First, fully understand the importance of reform. Industrial and Commercial Bank of China is the largest state-owned commercial bank in China, and Agricultural Bank of China is the state-owned commercial bank with the largest number of institutional outlets in China. Starting the reform of Industrial and Agricultural Bank of China is of great strategic significance to comprehensively promote the banking reform in China and truly resolve the banking risks in China. Therefore, if the industrial and agricultural banks want to survive and develop, they must reform, and there is no other way. The whole society should fully realize this, and the two banks should be fully prepared.
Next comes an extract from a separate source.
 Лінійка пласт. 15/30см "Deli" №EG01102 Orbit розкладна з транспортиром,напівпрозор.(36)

The second is to fully estimate the arduousness of reform. The total assets and non-performing assets of ICBC are much larger than those of CCB and CCB, and the internal management, historical issues and internal and external relations are much more complicated. Promoting the reform of industrial and agricultural banks involves more interest adjustment, and at the same time it will encounter greater resistance, so we should be fully prepared for this.
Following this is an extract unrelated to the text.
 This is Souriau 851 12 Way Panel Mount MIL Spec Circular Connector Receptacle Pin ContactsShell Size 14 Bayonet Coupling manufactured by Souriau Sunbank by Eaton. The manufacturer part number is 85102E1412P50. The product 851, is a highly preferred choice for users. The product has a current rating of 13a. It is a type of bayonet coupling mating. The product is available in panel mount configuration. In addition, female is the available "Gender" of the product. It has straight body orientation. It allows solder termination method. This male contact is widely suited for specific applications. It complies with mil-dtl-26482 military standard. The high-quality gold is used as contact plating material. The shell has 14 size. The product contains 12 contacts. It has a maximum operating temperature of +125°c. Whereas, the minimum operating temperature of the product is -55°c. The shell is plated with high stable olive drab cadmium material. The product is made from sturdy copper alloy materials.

The third is to fully consider the particularity of the reform of the two banks. At present, the reform plan of ICBC is being studied and formulated. The main service target of ICBC is industrial and commercial enterprises, and the reform of ICBC is closely linked with the reform of state-owned enterprises. The reform of state-owned enterprises, especially the policy bankruptcy, will bring uncertainty to the reform of ICBC. ICBC should be fully aware of this uncertainty, and financial restructuring must be carried out. After financial reorganization, the standards of various indicators cannot be relaxed. Agricultural Bank of China mainly faces agriculture, countryside and farmers. At present, it is impossible for China to completely solve the problems of agriculture, countryside and farmers by market means, which is the biggest particularity of the reform of Agricultural Bank of China. Therefore, the reform of Agricultural Bank of China should be considered under the framework of the whole rural financial system reform. On this premise, combined with their own reality, put forward a comparable scheme and demonstrate it quickly.

Summarizing the past is to better grasp the future. At present, the reform of state-owned commercial banks is in a critical period. As a participant in the reform and a witness to these historical events, I would like to take this opportunity to talk about some views, which only represent my personal academic views.